Hash Map (chaining)

demo

ref –
http://www.algolist.net/Data_structures/Hash_table/Chaining
http://stackoverflow.com/questions/9214353/hash-table-runtime-complexity-insert-search-and-delete

Hash Map with Chaining

The load factor is a measure of how full the hash table is allowed to get before its capacity is automatically increased.

When the number of entries in the hash table exceeds the product of the load factor and the current capacity,
the hash table is rehashed (that is, internal data structures are rebuilt) so that the hash table has
approximately twice the number of buckets.

The Node

.h file

.cpp file

The Hash Map

HashTable.hpp

The way we go about creating the Hash Table is by using an array of pointers. Each pointer at array[i] will point to a node. That node can link to another node. This is so that we can have an array of linked list. Which by definition, is what constitutes a chained hash map.

Thus, we use double pointers to point to this array of pointers: LinkedHashEntry ** table.

*table (or table[0]) dereferences the 1st array element.
*(table+1) (or table[1]) dereferences the 2nd array element.
..and so on

In order to allocate memory, we allocate this array of pointers on the heap.

Think of it like this:

We want to allocate on the heap (new)
an array of certain size ([MAX])
of LinkedHashEntry pointers (LinkedHashEntry *):

LinkedHashEntry ** table = new LinkedHashEntry * [MAX]

By definition, we always have a pointer pointing to the address of the first element of the array.

In every array, we always assign an array anchor (a pointer) to the 1st element of the array.
For example, an array of integers, int * i = new int [8];

int * i points to the first integer element’s address.
*i will dereference and get the int value.

In our case, since our first element is a pointer, we need a pointer to a pointer to act as the array anchor, and that is
why we use LinkedHashEntry ** table.

Now, we have an array of LinkedHashEntry pointers, and we are set to work.

Insertion

While certain operations for a given algorithm may have a significant cost in resources, other operations may not be as costly.

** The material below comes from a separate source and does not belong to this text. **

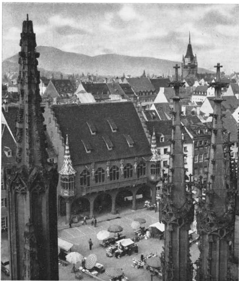
Freiburg im Breisgau · Münsterplatz mit Kaufhaus

dann, daß inmitten von Freiburg, am Colombischlößchen, ein Rebenhügel hart an der Kreuzung verkehrsreicher Stadtstraßen, selbstgefällig im Spiel der Sonne mit kräftigem Grün oder herbstlichem Braun und Rot prunkt. Der Besucher erkennt verwundert, daß die dunklen Berge bis in die alte Stadt mit hochstämmigem Wald herabsteigen; er erblickt den Schloßberg, auf dem einst drei Burgen standen, und die Talöffnungen, in die hinein die wachsende Stadt mit langen Straßenarmen greift, und umfaßt mit dem Blick endlich all die Berge des Schwarzwaldes, die sich in kühnem Schwung unter dem südlich-blauen Himmel hoch aufgewölbt haben.
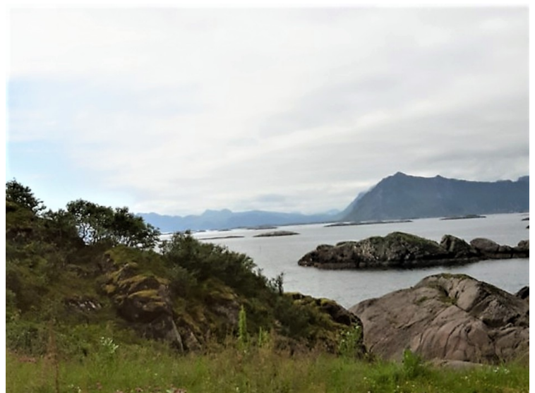
Utsikt tvers over Gimsøystraumen mot Vestvågøya.

Amortized analysis considers both the costly and less costly operations together over the whole series of operations of the algorithm. This may include accounting for different types of input, length of the input, and other factors that affect its performance

insertion O(1) average and amortized case complexity, however it suffers from O(n) worst case time complexity.

BUT WHY?
Hash tables suffer from O(n) worst time complexity due to two reasons:

If too many elements were hashed into the same key. Thus, it degrades into a linked list
for that particular slot. Searching through this list may take O(n) time. see 2), where it keeps appending elements at the same slot.

Once a hash table has passed its load balance, it has to rehash [create a new bigger table, and re-insert each element to the table].

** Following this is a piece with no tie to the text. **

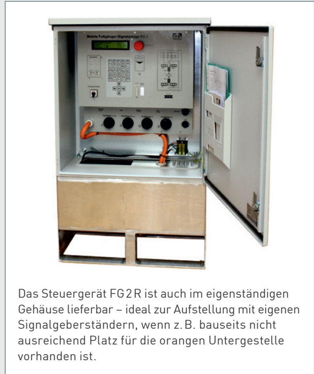
Das Steuergerät FG2R ist auch im eigenständigen Gehäuse lieferbar – ideal zur Aufstellung mit eigenen Signalgeberständen, wenn z. B. bauseits nicht ausreichend Platz für die orangenen Untergestelle vorhanden ist.

Auf Wunsch kann die Anlage mit einem Betriebstagebuch ausgestattet werden. Damit lassen sich z. B. sämtliche Anforderungen stündlich protokollieren. Zusätzlich werden alle Ereignisse, Programmwechsel, Tastaturbedienung, ein eventueller Spannungsausfall und sogar die letzten 90 Sekunden des Umlaufes vor Fehlerlösung erfasst (Blackbox). Selbstverständlich stehen diese Daten auch zum Ausdruck bereit.

The reason why it is O(1) average and amortized case because:

  • It is very rare that many items will be hashed to the same key
  • if you chose a good hash function and you don’t have too big load balance.
  • The rehash operation, which is O(n), can at most happen after n/2 ops
  • which are all assumed O(1): Thus when you sum the average time per op, you get : (n*O(1) + O(n)) / n) = O(1)

Deletion

Deletion has the same concept as Insertion. Amortized case O(1), worst time O(n).

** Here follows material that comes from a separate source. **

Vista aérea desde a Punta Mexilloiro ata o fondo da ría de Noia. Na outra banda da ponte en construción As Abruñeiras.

deleteNode is just a simple function that sets a LinkedHashEntry pointer to NULL and wipes out everything.

recurseAndRemove uses recursion to run through a list of LinkedHashEntry nodes, and remove the node with the specified key.

The list of nodes is given by LinkedHashEntry ** temp. Pointer of a pointer means that the double pointer points to the the address of a pointer. That pointer points to the address of the node.

hashentry_dblptr

Hence, if we want to reassign the pointer at this->table[i] to another node, it means:

this->table[i] is a pointer, thus we have to use a double pointer (HashEntry ** temp) to point to this->table[i]. Deference it like this (*temp) to control the pointer this->table[i] itself….and assign it to another node as shown in the image.

If we simply have a pointer like HashEntry * singlePtr = this->table[i], it won’t work because singlePtr will be pointing to whatever this->table[i] is pointing to. singlePtr is pushed onto the local stack, and has nothing to do with the pointer that is this->table[i].

singlePtr simply points to whatever this->table[i] points to. singlePtr is pushed onto the local stack

Once you understand this, the rest is just simple recursion and node traversal.

There are 2 cases:

  • You need to remove the first node. This means in order to get control of the first pointer, you need to get the address of the initial pointer, dereference it (at this point, you have full control of the pointer) and point it
  • You need to remove 2nd..and after node. This is simple because dereferencing the temp pointer gives you full control of the next pointer.